Phone: (816) 507-9228
Website: https://godsmovers.com
USDOT: 2417601
Type: Local / Regional
Rating: 4.8/5 on Google (approximate)
Notes: A family-owned Kansas City mover with over 20 years in operation, God’s Movers serves Kansas City, Overland Park, Grandview, Liberty, and Lee’s Summit. The company scores 9.06 out of 10 on independent review platforms and is praised for competitive pricing, transparency, and short-notice availability. Services include residential moving, packing, crating, heavy item handling, and debris removal. Not BBB accredited.

Honest Negatives

1. The weather is genuinely dangerous. Missouri recorded a preliminary all-time state record of 120 tornadoes in 2025. Ice storms knock out power for days. July heat indexes regularly exceed 100 degrees. If you are moving from the Pacific Coast, New England, or the Mountain West, this requires real preparation: basement selection for housing, generator budget, and a different mindset about outdoor plans.

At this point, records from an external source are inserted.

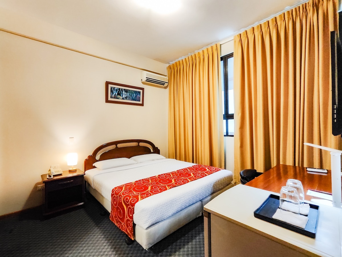 Amplia Habitacion doble con Bano privado y cama Queen con capacidad para 2 adultos. La habitacion se encuentra en un hotel 4 estrellas con excelente ubicación, seguridad y atención. La Habitacion tiene una decoración moderna y muy nueva, las sabanas son de primer calidad y todos los amenities estan incluidos. Los huespedes tendrán acceso a todas las areas comunes del hotel.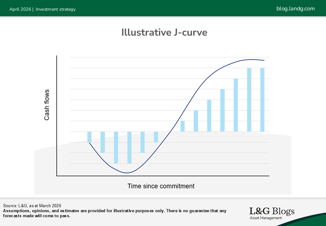 In private markets, capital is drawn down slowly, some of the fees and expenses are front‑loaded, deals take time to close, and underlying assets may be held at cost before valuations start to move. As a result, capital deployment is often slow and the performance profile typically dips before rising as projects mature and begin to distribute income or generate realised gains.
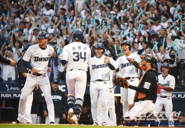 양 팀 모두 쉽사리 점수를 내지 못한 채 5회까지 흘러갔다. 6회말 NC가 짜릿한 한 방으로 경기를 뒤집었다. 2사 후 권희동의 2루타와 김휘집의 볼넷, 천재환의 몸 맞는 공으로 2사 만루를 만들었다.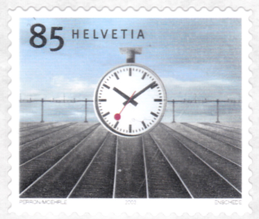 In der gleichen Serie erschien auch diese Marke (MiNr 1862) mit einer "Bahnhofsuhr" nach einem Entwurf aus dem Jahre 1944 von Hans Hilfiker.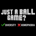 The logo is that of the “Just a Ball Game?” which amongst its aims are to raise awareness about equality and diversity, combat discrimination and homophobia in football/sport.
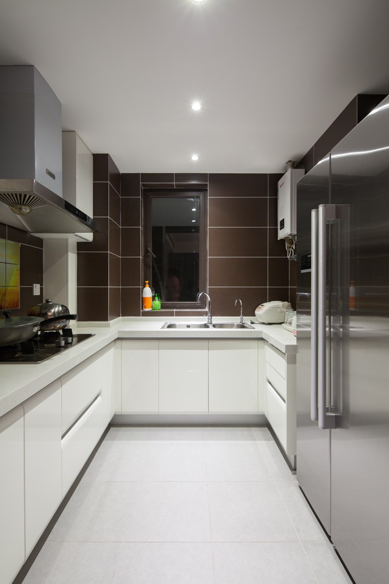 独立厨房,采用白色柜子,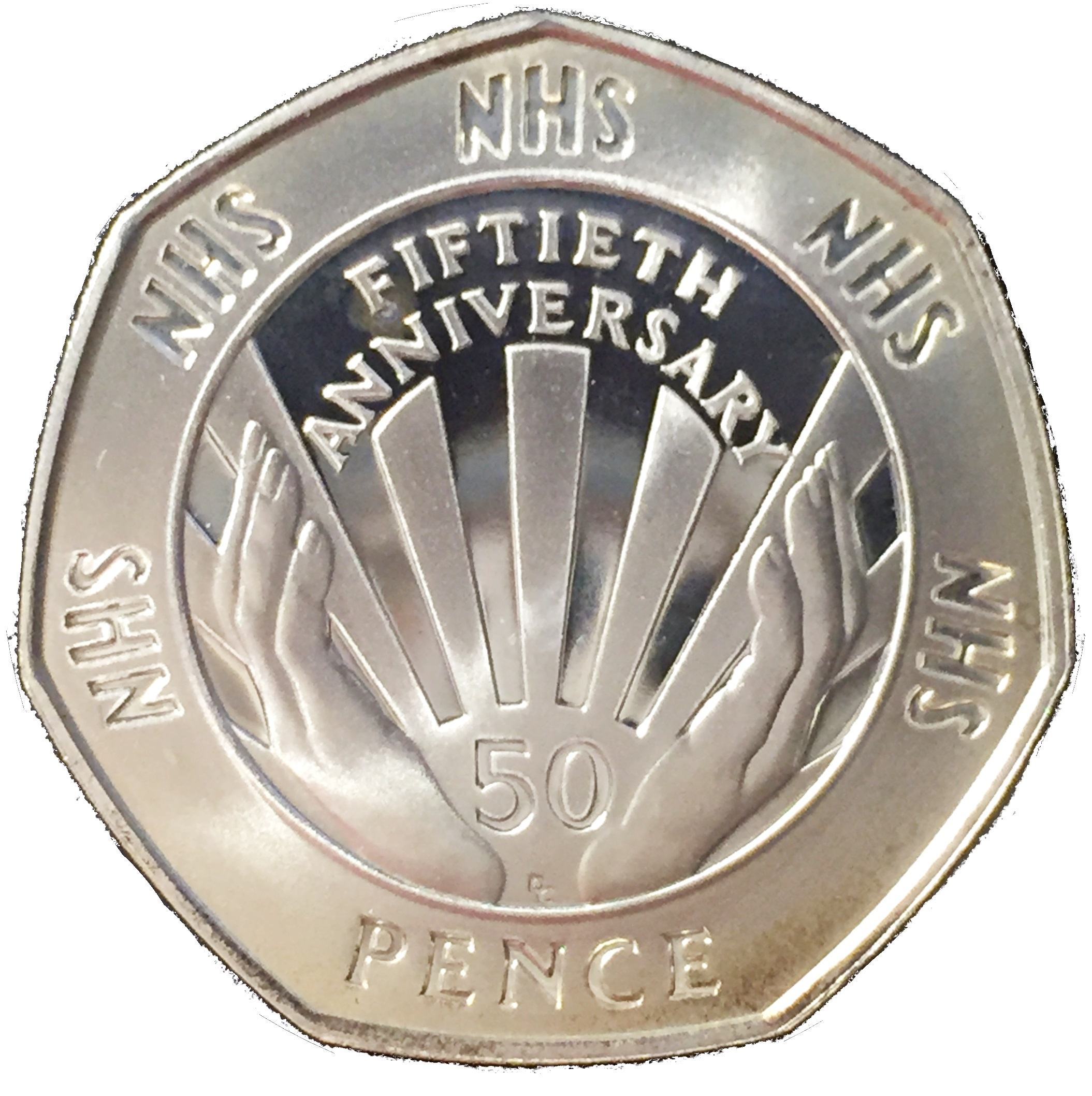 50 пенсів — Єлизавета II (50-річчя NHS; срібна монета Proof)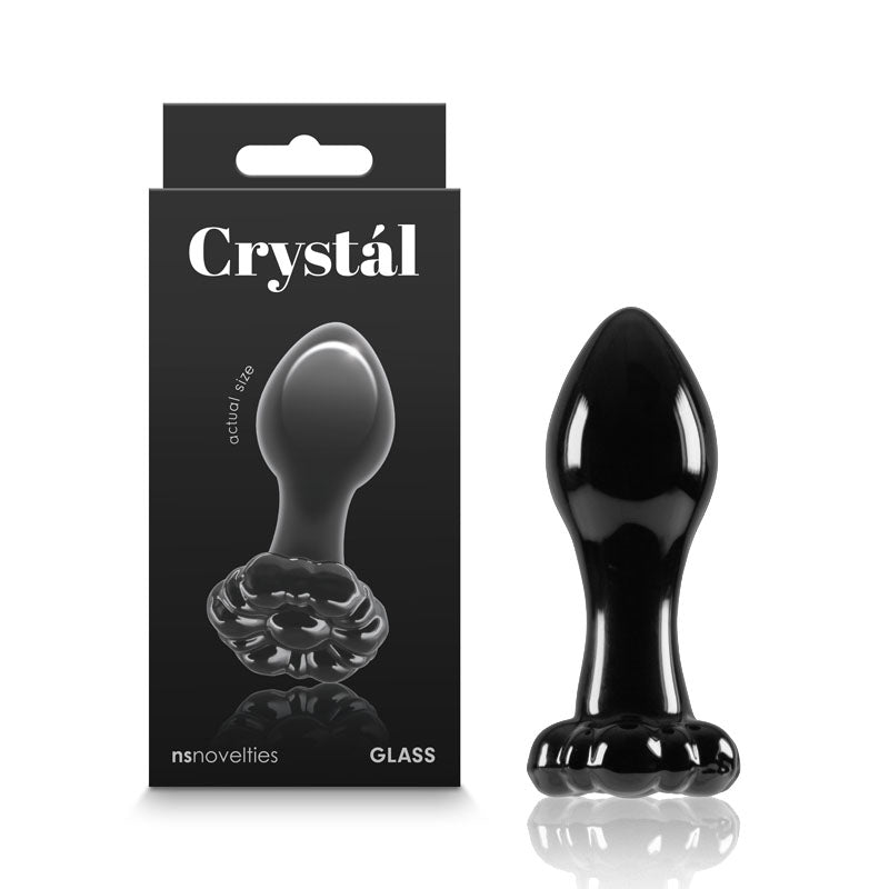 Crystal Flower - Black - Black 9 cm Glass Butt Plug

2. Rural Missouri is losing population rapidly, and infrastructure reflects it. DeKalb County lost 39% of its population between 2020 and 2024. If your plan involves a rural property or small town, investigate school district quality, hospital access, and broadband availability before committing.

3. Utility costs have risen faster than wages. Between 2020 and 2025, Ameren Missouri average summer bills rose 34.3% and Spire West winter gas bills rose 95.1%, outpacing both national inflation (25.4%) and Missouri wage growth (32%), per the Consumers Council of Missouri. Missouri rates remain below national averages in absolute terms, but the trajectory should factor into your long-term budget.


Last updated: February 2026. This guide is for informational purposes only. Verify all costs, regulations, and company details before making decisions.